On the other, Republicans swept to power in November in the House of Representatives are demanding deep federal spending cuts, partly to address the budget deficit problem and partly to undermine the Dodd-Frank reforms that they opposed.

The SEC is scrutinizing stock-offering rules, Schapiro said, following the news that Goldman Sachs planned a special investment vehicle for clients to invest in Facebook, the red-hot online social network company.

Goldman last month said it would limit its private placement of Facebook shares to investors outside the United States, citing intense media coverage.

In addition, Schapiro said the agency is working on reforms in response to the May 6 flash crash, when U.S. stock markets plunged about 700 points before staging a partial recovery, raising questions about computerized high-frequency trading.

All of these tasks - all of these confidence-enhancing measures - require resources, Schapiro told the conference hosted by the Practising Law Institute.

Because Congress has not approved a new budget, the government is running under a stop-gap measure.

That is imposing a strain that is already having an impact on our core mission - separate and apart from the new responsibilities that Congress gave us to regulate derivatives, hedge fund advisers and credit rating agencies, she said.

Keith Davis, principal and research analyst at Farr, Miller & Washington, said the agency's new responsibilities necessitate funds, despite black marks like the SEC's failure to stop Bernard Madoff's estimated $65 billion Ponzi scheme.
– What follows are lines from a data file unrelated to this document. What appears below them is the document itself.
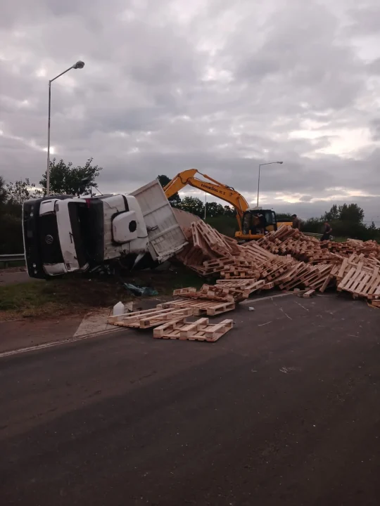El hecho fue constatado por personal policial de la Comisaría Frigorífico Yuquerí. Según se informó, el vehículo —un camión Volkswagen 17220 que transportaba pallets de madera descendía por el acceso de la Ruta 22 para incorporarse a la Autovía Artigas en sentido sur, cuando por causas que se investigan se produjo el vuelco.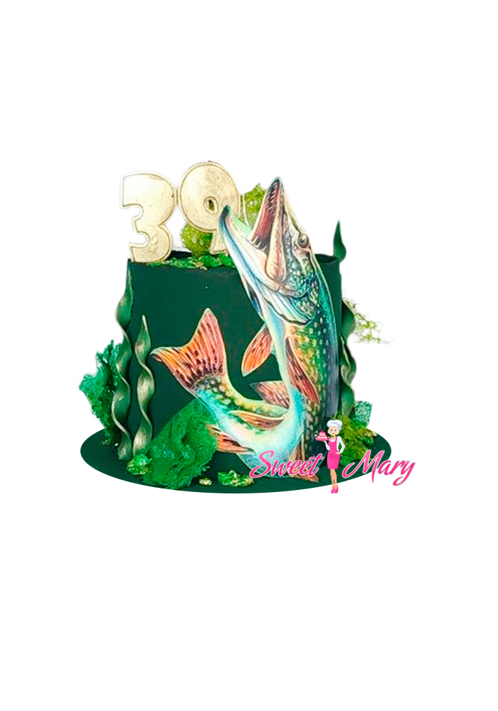 Торт «Рыбный улов» — это кулинарное произведение искусства, созданное специально для настоящего рыболова! Этот восхитительный торт зеленого цвета напоминает свежесть воды и зелень берегов, где любят отдыхать любители рыбной ловли. В центре композиции гордо возвышается огромная щука, выполненная из кондитерских элементов, что добавляет торту неповторимый шарм и узнаваемость. На поверхности торта аккуратно выгравированы цифры 39, символизирующие рекордный улов или просто любимое число нашего героя-рыбака. Это уникальное десертное творение станет главным украшением любого праздничного стола, будь то день рождения или корпоратив среди единомышленников. Пусть каждый кусок этого торта приносит радость и воспоминания о незабываемых приключениях на воде!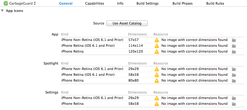 可以見到App Icons有分三種設置:App、Spotlight、Settings,當然我們iPhone螢幕有不同的大小,而作業系統也有不同的版本,此外還要考慮視網膜螢幕,林林種種加起來其實還算滿多的!過去我一直以為,我只要準備最大的就好了,猜想程式軟體會自動幫我縮圖呀~但實際上它只負責「顯示」,不處裡「縮放」,大概是因為要效能好,寧願花點空間放圖檔。

The fact that they're already underfunded and consistently miss things like Madoff and others suggest that more resources should probably be devoted to them, Davis said.

Then again, a good chunk of additional funds is going to issues such as consumer protection and pay reform, which distracts the SEC from its core business, said Gary Townsend, chief executive of Hill-Townsend Capital, in Chevy Chase, Maryland.

If we are forcing regulators to utilize resources on things that are not as important as safety and soundness and the safety of markets, then we're wasting taxpayers' money.

More details on the Republican fiscal hawks' goals may come soon. House Republicans are expected next week, likely on Thursday, to unveil specific proposals for funding the SEC and the Commodity Futures Trading Commission.

DODD-FRANK TARGETED

The Volcker rule aimed at curbing risky bank trading and new limits on the derivatives market are being targeted for review by House of Representatives Republicans, according to a draft oversight plan obtained this week.

The SEC's budget will also be examined, the document showed, by the House Financial Services Committee, which is now chaired by Representative Spencer Bachus.

House Capital Markets Subcommittee Chairman Scott Garrett told Reuters last week that budget restraint is just one way Republicans are trying to throttle parts of Dodd-Frank.

Unlike the Federal Deposit Insurance Corp and the Federal Reserve, both important regulators, the SEC has to ask Congress each year for its budget. The FDIC and the Fed pay for their own operations through fees they assess.

The SEC assesses fees, too, totaling more than enough to cover its budget. But the commission's fee income goes into the general revenue coffers.

Congress must adequately fund the SEC or let the agency fund itself, SEC Commissioner Elisse Walter, a Democrat, said at the conference. Cutting or freezing the commission's budget ... especially when the SEC generates enough revenue through transaction and registration fees to fund itself, puts markets and investors at risk, she said.

Thomas Sporkin, chief of the SEC's Office of Market Intelligence, did note, however, that the agency is already reaping enforcement benefits from the reform law, which gives whistleblowers a payout for tips that yield penalties.

The number of high value tips on fraud and other violations of securities law numbered about two dozen a year before the law. Since July, the agency has been receiving about one a day, Sporkin said at the annual conference.

Commissioner Luis Aguilar called for stiffer sanctions against companies that violate securities laws and suggested the agency consider forcing defendants to admit wrongdoing in settlements.